一・五キロほど先で爆音がした。音のした辺りが白煙に包まれる。負けじと敵砲が撃ち始めたのだった。ただ、砲が重視されていない国の砲撃、敵弾は塹壕の手前の、的外れなところへ落ちた。爆音がした。土煙が上がる。地面が派手に抉れて、第一塹壕内に大量の土砂が降り注ぎ、兵どもが喚いた。それだけだった。
私は深呼吸をした。興奮してばかりもいられない。下手な鉄砲も何とやらである。あんな砲撃でも撃ちまくられればどうなるかわからない。かねてからの予定通り、旅団第ニ砲兵大隊を投入した対砲迫射撃――砲兵による敵砲兵排除を実施するべきだろう。有り難いことに敵砲兵の配置は我が作戦部の予想とおおよそ合致するようなので、司令部としては現場の連隊、気球観測中隊、それに砲兵と幾つかの伝令をやり取りするだけで直ぐに対砲迫射撃を開始できる。
気持ちを落ち着かせてから吉永女史を呼んだ。返事がない。別の窓から外を見ていた彼女に目線を移すと、ああ、そうなりますよね、どちらかと言えば善人である彼女の肌は青白くなっていた。その、細い肩と膝とが小刻みに震えていた。
「平気ですか」
本音を言うと些か煩わしい。こんなところまで来てビビらないで欲しいとも思う。思うけれども、では、自分の初陣はどんなものだったか? 自慢できるものではなかった。ただでさえこのゲーム内の戦闘は、やりすぎなぐらいに追求したリアルの結果、いわゆる原始的な恐怖――死と殺人への恐怖を割とガチめに感じる仕様だ。『そういうところまで楽しめるようになってからが一人前だ』というような慣用句もあるが、はてさて、正直、私のようなシリアル・キラーですらそうはいかない。

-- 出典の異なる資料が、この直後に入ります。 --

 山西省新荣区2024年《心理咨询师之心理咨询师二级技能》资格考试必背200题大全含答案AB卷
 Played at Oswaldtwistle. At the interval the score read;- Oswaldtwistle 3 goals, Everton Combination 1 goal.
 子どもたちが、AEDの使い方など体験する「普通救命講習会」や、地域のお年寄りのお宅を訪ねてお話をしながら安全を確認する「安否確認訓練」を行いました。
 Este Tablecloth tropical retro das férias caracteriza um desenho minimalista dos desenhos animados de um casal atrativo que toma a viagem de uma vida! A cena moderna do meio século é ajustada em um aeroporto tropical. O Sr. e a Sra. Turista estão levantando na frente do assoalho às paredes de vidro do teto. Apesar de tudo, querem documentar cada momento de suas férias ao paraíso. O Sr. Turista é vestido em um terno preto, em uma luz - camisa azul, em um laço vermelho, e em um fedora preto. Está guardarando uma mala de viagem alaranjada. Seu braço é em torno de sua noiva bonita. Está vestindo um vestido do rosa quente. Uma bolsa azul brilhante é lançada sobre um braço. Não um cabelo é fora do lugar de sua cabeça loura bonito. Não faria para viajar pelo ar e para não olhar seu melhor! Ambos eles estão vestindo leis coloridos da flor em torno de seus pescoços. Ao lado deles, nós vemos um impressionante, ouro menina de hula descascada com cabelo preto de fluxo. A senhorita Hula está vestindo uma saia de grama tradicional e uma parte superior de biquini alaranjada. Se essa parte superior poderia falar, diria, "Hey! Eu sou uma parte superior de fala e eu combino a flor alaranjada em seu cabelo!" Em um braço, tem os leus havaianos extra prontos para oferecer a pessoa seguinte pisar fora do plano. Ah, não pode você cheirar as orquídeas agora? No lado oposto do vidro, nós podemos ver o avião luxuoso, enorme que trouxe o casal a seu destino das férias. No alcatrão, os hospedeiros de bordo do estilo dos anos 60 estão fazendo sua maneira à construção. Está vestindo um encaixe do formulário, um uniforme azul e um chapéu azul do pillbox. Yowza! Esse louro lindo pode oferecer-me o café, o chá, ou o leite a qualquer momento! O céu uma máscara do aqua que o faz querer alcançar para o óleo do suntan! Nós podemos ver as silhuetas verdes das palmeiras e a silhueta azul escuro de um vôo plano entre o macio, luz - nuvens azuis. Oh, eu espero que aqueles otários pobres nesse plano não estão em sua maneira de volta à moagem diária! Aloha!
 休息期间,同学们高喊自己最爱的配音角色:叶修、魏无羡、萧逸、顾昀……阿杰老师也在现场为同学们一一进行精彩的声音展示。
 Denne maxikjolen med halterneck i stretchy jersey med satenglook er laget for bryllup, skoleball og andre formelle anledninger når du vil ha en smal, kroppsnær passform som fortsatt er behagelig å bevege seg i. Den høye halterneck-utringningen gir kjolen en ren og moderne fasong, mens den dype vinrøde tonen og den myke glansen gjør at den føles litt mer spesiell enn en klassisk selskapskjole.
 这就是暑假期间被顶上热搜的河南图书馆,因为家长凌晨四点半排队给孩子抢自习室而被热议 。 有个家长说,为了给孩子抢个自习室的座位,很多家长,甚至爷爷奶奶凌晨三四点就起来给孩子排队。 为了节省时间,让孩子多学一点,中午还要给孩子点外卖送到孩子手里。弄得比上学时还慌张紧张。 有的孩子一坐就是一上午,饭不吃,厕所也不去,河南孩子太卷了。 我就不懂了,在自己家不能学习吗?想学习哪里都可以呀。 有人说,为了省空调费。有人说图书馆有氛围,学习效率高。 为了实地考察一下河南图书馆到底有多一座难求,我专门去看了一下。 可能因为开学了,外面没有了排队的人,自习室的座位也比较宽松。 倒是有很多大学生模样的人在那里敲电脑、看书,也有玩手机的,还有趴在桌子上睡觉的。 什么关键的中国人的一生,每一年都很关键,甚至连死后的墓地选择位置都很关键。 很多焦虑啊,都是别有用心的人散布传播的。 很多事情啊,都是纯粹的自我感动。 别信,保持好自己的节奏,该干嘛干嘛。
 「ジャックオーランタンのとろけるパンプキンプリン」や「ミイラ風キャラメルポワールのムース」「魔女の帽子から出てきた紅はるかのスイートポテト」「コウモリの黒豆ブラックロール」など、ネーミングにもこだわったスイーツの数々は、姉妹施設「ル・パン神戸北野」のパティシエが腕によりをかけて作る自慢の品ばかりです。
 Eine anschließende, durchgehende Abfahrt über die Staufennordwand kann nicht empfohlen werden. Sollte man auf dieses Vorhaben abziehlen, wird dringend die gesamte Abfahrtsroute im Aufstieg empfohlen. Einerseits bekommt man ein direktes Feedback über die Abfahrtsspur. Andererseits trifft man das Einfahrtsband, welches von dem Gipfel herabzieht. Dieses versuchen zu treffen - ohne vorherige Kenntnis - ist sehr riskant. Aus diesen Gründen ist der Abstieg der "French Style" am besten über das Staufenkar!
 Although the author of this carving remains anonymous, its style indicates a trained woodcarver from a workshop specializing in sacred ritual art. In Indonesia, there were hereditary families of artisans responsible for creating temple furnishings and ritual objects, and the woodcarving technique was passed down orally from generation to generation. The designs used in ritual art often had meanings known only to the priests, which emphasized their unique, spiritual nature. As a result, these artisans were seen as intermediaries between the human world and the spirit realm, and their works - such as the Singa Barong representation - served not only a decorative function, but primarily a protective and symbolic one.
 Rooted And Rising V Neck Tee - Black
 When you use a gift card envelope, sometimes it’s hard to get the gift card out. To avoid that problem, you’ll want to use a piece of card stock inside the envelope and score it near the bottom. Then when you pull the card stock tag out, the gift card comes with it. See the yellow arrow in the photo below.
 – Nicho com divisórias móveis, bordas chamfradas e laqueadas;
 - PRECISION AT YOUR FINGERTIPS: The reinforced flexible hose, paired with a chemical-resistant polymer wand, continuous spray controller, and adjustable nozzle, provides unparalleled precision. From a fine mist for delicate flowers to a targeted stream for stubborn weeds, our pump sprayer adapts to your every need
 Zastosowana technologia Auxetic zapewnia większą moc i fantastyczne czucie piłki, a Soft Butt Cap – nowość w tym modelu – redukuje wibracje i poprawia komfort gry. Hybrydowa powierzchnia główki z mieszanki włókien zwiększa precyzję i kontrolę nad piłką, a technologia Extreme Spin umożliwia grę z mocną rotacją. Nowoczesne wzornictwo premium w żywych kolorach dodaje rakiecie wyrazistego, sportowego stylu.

私は吉永女史の背を叩いた。彼女はゴクリと大きく喉を鳴らしてから呟いた。
「朝ごはん」彼女は組み合わせた両手を薄めな胸に押し当てながら言った。「トンカツなんて食べるんじゃなかったわね……」
私は彼女の背を強めに叩き直した。「もう二度とトンカツが食べられないかもしれませんね。でも、安心してください。代わりに、コレが終わったらハンバーグの美味しいお店を紹介しますよ。――さて、主席副官。何はともあれ仕事をしてもらわねばなりません。アチコチに伝令文を作成して貰います。いいですね?」
彼女は苦労してはにかんだ。私はわざとらしく喉の奥でクツクツと笑った。我々の背後、大量に並んだ机では旅団司令部構成員たちが自分の職務に熱中している。剣橋さんにせよ、吉永女史にせよ、私自身にせよ、そろそろ、息をする間もないほど忙しくなるだろう。
所詮、人間が最も熱中するのは誰かを苦しめることなのだろう。それとも、誰かから受ける苦しみから逃れることか?